DIRECTIONS FOR THIS TASK:
The listing below should be printed again word for word, without any images.

SOURCE DATA:
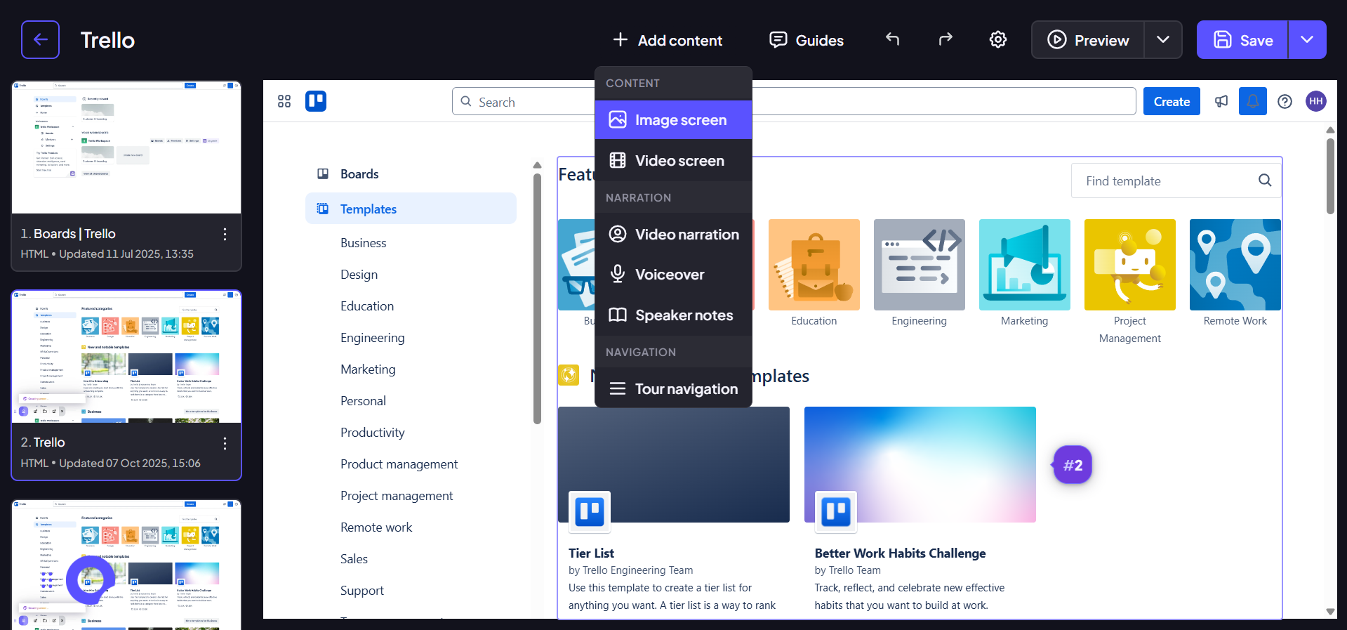 To add an image, select "Add content" and then "Image screen."
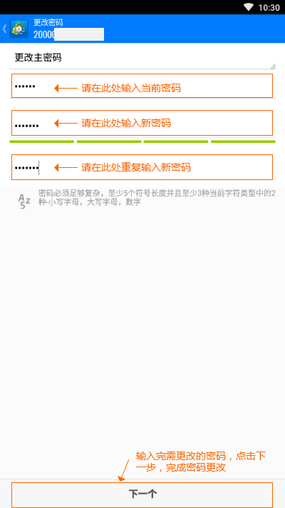 3.分别在当前密码、新主密码、密码确认框输入对应密码,然后点击底部[下一步]进行提交修改。
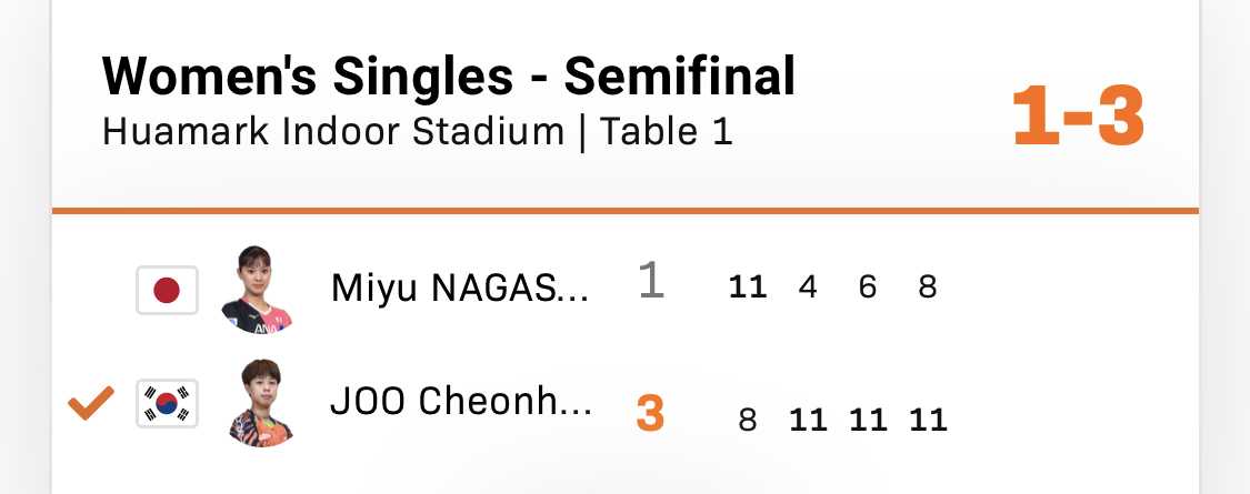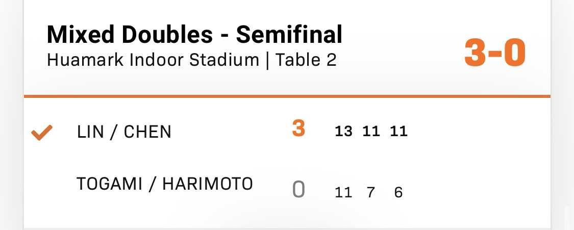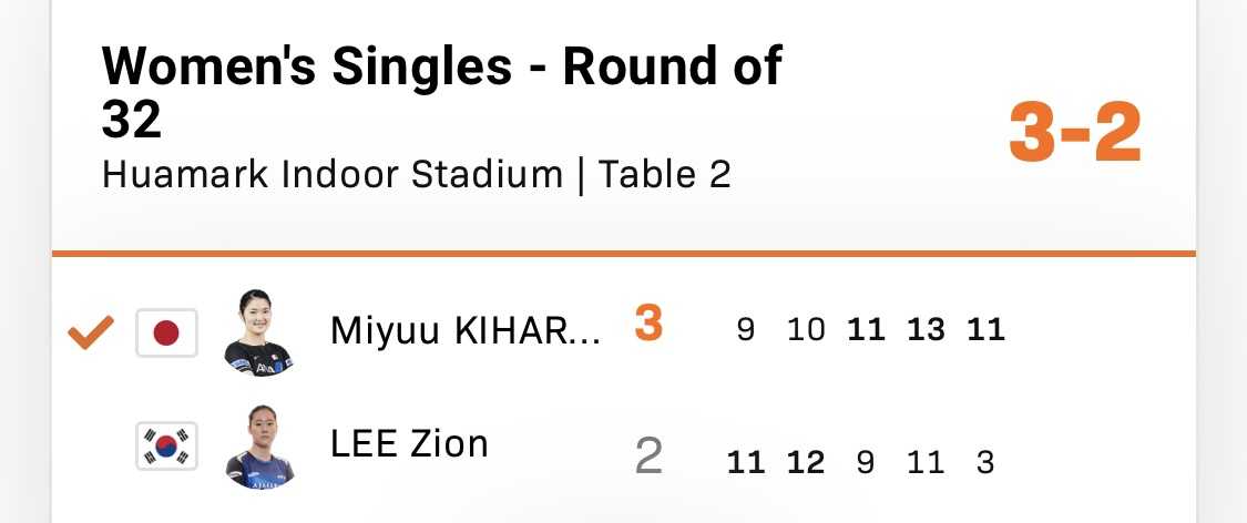 WTTスターコンテンダーバンコクスーパー14歳・張本美和がヨーロッパ2冠女王をストレートで下す!8強進出【卓球 WTTスターコンテンダー】平野美宇が3回戦で敗退。アメリカのエースにまたも敗れる【卓球 WTTスターコンテンダー】長﨑美柚が『Wみゆう』対決で木原美悠に完勝!ベスト8進出【卓球 WTTスターコンテンダー】戸上隼輔・張本美和 世界卓球中国代表同士のペアに敗戦。決勝進出ならず【卓球 WTTスターコンテンダー】13:00 table2 混合W-準決勝 戸上 隼輔/張本 美和 0-3 林高遠/陳幸同(中国)13:35 table2 女子W-準決勝 長﨑 美柚/木原 美悠 2-3 鄭怡静/李昱諄(台湾)平野美宇が3回戦で敗退。アメリカのエースにまたも敗れる【卓球 WTTスターコンテンダー】14:10 table2 女子S-3回戦 平野 美宇WR20 0-3 リリー・チャン(アメリカ)WR24長﨑美柚が『Wみゆう』対決で木原美悠に完勝!ベスト8進出【卓球 WTTスターコンテンダー】14:45 table3 女子S-3回戦 木原 美悠WR19 0-3 長﨑 美柚WR35スーパー14歳・張本美和がヨーロッパ2冠女王をストレートで下す!8強進出【卓球 WTTスターコンテンダー】15:30 table1 女子S-3回戦 張本 美和WR29 3-0 ソフィア・ポルカノバ(ポーランド)WR12

SOLVED PROBLEM:
 To add an image, select "Add content" and then "Image screen."
 3.分别在当前密码、新主密码、密码确认框输入对应密码,然后点击底部[下一步]进行提交修改。
 WTTスターコンテンダーバンコクスーパー14歳・張本美和がヨーロッパ2冠女王をストレートで下す!8強進出【卓球 WTTスターコンテンダー】平野美宇が3回戦で敗退。アメリカのエースにまたも敗れる【卓球 WTTスターコンテンダー】長﨑美柚が『Wみゆう』対決で木原美悠に完勝!ベスト8進出【卓球 WTTスターコンテンダー】戸上隼輔・張本美和 世界卓球中国代表同士のペアに敗戦。決勝進出ならず【卓球 WTTスターコンテンダー】13:00 table2 混合W-準決勝 戸上 隼輔/張本 美和 0-3 林高遠/陳幸同(中国)13:35 table2 女子W-準決勝 長﨑 美柚/木原 美悠 2-3 鄭怡静/李昱諄(台湾)平野美宇が3回戦で敗退。アメリカのエースにまたも敗れる【卓球 WTTスターコンテンダー】14:10 table2 女子S-3回戦 平野 美宇WR20 0-3 リリー・チャン(アメリカ)WR24長﨑美柚が『Wみゆう』対決で木原美悠に完勝!ベスト8進出【卓球 WTTスターコンテンダー】14:45 table3 女子S-3回戦 木原 美悠WR19 0-3 長﨑 美柚WR35スーパー14歳・張本美和がヨーロッパ2冠女王をストレートで下す!8強進出【卓球 WTTスターコンテンダー】15:30 table1 女子S-3回戦 張本 美和WR29 3-0 ソフィア・ポルカノバ(ポーランド)WR12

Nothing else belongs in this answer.